What happened from this experience is that I/we shut down emotionally. I could not cry anymore. Tears had always come easily for me and they were healing. I valued that part of my healing process.

After her I was so shut down. I thought that crying was a waste of time. Of the few times that I was able to cry, it was not healing in any way, shape, or, form, as it had been in the past. Slowly the issue got better. I could cry, but it was not very healing. I could cry but it was something that I scolded myself for doing, something that I thought was a complete and utter waste of my time.

I talked about all of this, with several therapists. I talked about this with others. I posted about this online to other survivors. It never got any better.

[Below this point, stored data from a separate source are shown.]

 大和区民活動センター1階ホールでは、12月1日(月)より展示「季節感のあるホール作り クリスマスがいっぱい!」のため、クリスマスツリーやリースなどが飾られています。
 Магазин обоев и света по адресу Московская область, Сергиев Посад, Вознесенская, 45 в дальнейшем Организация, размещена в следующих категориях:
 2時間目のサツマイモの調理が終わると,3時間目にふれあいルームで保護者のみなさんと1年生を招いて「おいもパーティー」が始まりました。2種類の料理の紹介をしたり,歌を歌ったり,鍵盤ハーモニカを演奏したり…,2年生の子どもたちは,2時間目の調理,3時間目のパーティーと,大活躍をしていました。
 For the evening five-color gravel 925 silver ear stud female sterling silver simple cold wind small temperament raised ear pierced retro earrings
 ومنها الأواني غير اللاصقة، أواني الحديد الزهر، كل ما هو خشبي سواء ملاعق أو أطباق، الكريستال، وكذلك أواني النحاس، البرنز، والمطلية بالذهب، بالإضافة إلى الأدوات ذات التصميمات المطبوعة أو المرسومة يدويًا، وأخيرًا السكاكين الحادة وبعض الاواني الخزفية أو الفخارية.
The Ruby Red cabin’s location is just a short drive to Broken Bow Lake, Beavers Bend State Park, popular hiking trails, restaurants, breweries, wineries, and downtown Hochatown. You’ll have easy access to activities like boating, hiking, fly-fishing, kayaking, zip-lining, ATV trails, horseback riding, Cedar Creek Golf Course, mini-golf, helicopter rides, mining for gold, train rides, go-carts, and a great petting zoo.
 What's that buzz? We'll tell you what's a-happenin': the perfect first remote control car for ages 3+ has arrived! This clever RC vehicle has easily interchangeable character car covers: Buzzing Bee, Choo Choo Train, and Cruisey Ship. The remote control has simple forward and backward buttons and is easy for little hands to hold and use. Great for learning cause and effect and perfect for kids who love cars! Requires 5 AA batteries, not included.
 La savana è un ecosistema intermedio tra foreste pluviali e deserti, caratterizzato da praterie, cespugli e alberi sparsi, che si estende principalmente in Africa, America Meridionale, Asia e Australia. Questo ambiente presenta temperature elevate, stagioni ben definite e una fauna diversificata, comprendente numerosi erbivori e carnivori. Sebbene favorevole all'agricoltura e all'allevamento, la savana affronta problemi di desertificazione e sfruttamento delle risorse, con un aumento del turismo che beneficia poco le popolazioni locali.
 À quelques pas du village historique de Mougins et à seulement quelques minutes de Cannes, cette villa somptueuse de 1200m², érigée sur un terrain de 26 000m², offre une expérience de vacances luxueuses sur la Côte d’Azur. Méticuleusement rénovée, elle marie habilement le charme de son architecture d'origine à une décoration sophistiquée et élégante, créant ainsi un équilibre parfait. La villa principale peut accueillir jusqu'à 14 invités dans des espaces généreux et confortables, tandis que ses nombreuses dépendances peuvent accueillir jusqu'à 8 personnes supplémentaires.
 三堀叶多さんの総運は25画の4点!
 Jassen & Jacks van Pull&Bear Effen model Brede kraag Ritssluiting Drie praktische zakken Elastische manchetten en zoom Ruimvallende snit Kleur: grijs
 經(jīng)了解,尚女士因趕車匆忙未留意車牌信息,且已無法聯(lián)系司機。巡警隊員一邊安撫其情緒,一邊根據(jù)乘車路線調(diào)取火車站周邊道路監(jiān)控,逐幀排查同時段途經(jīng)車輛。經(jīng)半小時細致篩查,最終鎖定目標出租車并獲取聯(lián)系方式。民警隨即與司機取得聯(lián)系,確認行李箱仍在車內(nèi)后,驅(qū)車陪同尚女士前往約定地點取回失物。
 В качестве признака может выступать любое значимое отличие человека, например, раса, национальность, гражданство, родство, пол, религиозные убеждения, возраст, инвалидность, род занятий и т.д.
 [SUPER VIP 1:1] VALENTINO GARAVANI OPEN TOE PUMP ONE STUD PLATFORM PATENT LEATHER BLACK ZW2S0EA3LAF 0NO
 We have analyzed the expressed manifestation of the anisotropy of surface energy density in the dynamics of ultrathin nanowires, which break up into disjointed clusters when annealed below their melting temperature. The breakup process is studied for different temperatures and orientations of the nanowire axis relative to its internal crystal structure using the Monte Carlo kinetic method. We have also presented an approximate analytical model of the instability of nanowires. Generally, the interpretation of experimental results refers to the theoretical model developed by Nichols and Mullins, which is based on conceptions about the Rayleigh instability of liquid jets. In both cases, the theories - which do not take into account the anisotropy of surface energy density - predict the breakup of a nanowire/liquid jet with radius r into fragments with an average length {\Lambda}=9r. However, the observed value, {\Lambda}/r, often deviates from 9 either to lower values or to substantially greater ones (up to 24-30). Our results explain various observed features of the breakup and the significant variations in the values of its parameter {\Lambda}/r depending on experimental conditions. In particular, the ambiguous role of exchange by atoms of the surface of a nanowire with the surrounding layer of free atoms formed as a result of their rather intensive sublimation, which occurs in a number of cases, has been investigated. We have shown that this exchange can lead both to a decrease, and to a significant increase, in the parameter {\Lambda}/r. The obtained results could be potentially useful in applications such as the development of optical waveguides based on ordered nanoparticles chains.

About a year ago, after a Reiki class, three Reiki Master/Teachers listened. I think that would have been healing just by itself. They listened to my story. They let me get it all out. They let me cry. They let me talk and say how I felt and what a block this was in my life. They accepted. They did not judge. They never told me what to think. They never told me what to do.

Instead what they did for forty-five minutes while I talked was sit with me, put hands on me and hands towards me and send me Reiki healing. I talked. I cried. And it was healing tears.

That night I went home and cried. The next day as well. Now I could cry again. It still took me a few months to get over the ridiculous notion that I was not worthy of tears, that it was stupid, and not helpful at all.

Since then I cry when I have to. I cry when I need to. And it is always healing. That is my Reiki story.